Repository / Platforms and Virtualization /Deployment Guide /Deploy RKE2 on Bare Metal with Ceph Storage and Cilium

Deploy RKE2 on Bare Metal with Ceph Storage and Cilium

Type:Deployment Guide

Domain:

Status:published

Last Updated:2026-02-08

Tags:

kubernetesrke2cephciliumbare-metalstorage

A practical guide to deploying a production RKE2 Kubernetes cluster on bare metal with Ceph CSI for persistent storage, Cilium for networking, and separated storage and workload networks.

Deploy RKE2 on Bare Metal with Ceph Storage and Cilium

Most Kubernetes deployment guides assume you're clicking buttons in a cloud console. This one doesn't. This guide covers deploying RKE2 on bare metal Ubuntu nodes, wiring Ceph as the persistent storage layer via CSI, and using Cilium as the CNI -- all on hardware you own.

This is based on a production cluster: 3 control plane nodes, 4 workers, 1 auxiliary node, and 1 GPU-capable node. Nine nodes total. The design separates workload traffic from storage traffic using dual bonded interfaces on different subnets.

Why RKE2

RKE2 (also called "RKE Government") is Rancher's Kubernetes distribution focused on security and compliance. It matters for a few reasons:

CIS hardened by default -- RKE2 ships with CIS Benchmark compliance out of the box. SELinux policies, pod security standards, and audit logging are enabled without extra configuration.
Containerd, not Docker -- RKE2 uses containerd directly. No Docker dependency, no Docker socket security concerns.
Air-gap friendly -- All images are bundled. Deployments in disconnected environments work without pulling from public registries.
etcd built in -- No external etcd cluster to manage. HA etcd runs on control plane nodes automatically.

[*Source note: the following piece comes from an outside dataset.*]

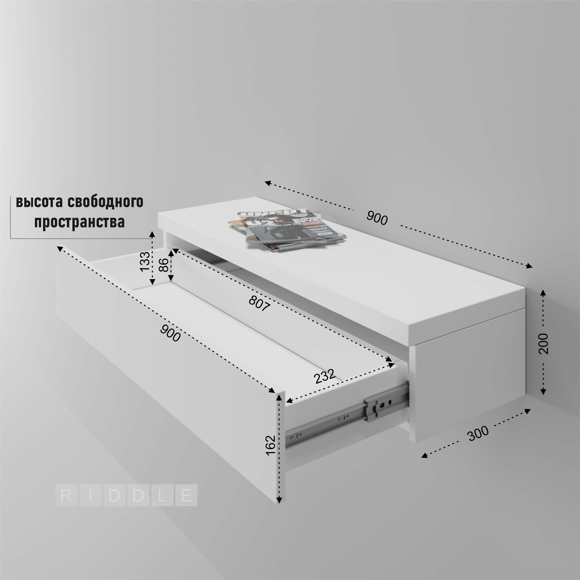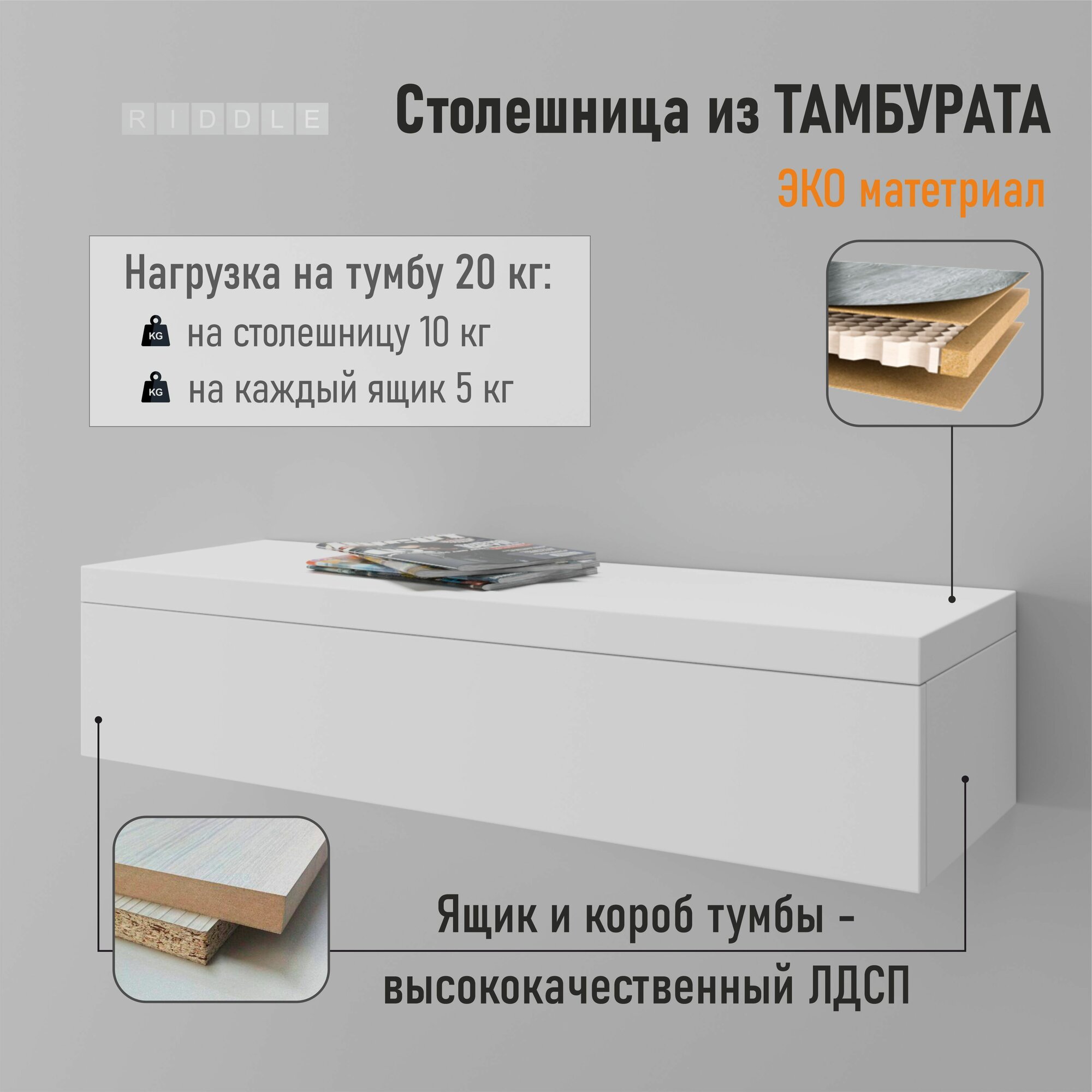 Ящик и корпус консоли выполнены из качественного ЛДСП, обеспечивая долгий срок службы изделия. Матовая поверхность придает тумбе стильный и современный вид, который легко впишется в интерьер вашего дома. Подвесная конструкция тумбы позволяет экономить место и делает ее идеальным решением для небольших помещений.

If you're running Kubernetes in a regulated or security-conscious environment, RKE2 gives you a head start on hardening that other distributions require you to do manually.

Cluster architecture

Node roles and sizing

The cluster separates control plane and worker responsibilities completely. Control plane nodes run lightweight -- they don't need massive compute. Workers handle all application workloads.

Control plane nodes (3x):

Purpose: API server, etcd, scheduler, controller manager
CPU: 4 cores is sufficient for clusters under 100 nodes
RAM: 16 GB handles etcd and API server comfortably
Storage: 100 GB SSD for OS and etcd data
Network: Single bond on the workload subnet

Worker nodes (4x):

Purpose: Application pods, Ceph OSDs
CPU: Multi-socket Xeon (32+ cores) for pod density
RAM: 64 GB minimum when running Ceph OSDs alongside workloads
Storage: OS disk + dedicated Ceph OSD disks (no sharing)
Network: Dual bonds -- workload subnet and dedicated storage subnet

Why separate control plane from workers? When etcd shares resources with application workloads, a noisy pod can starve etcd of I/O and destabilize the entire cluster. Dedicated control plane nodes eliminate this failure mode. The trade-off is more hardware, but the reliability gain is worth it in production.

Network design

This is where bare metal diverges sharply from cloud Kubernetes. In AWS or GCP, the network "just works." On bare metal, you design it.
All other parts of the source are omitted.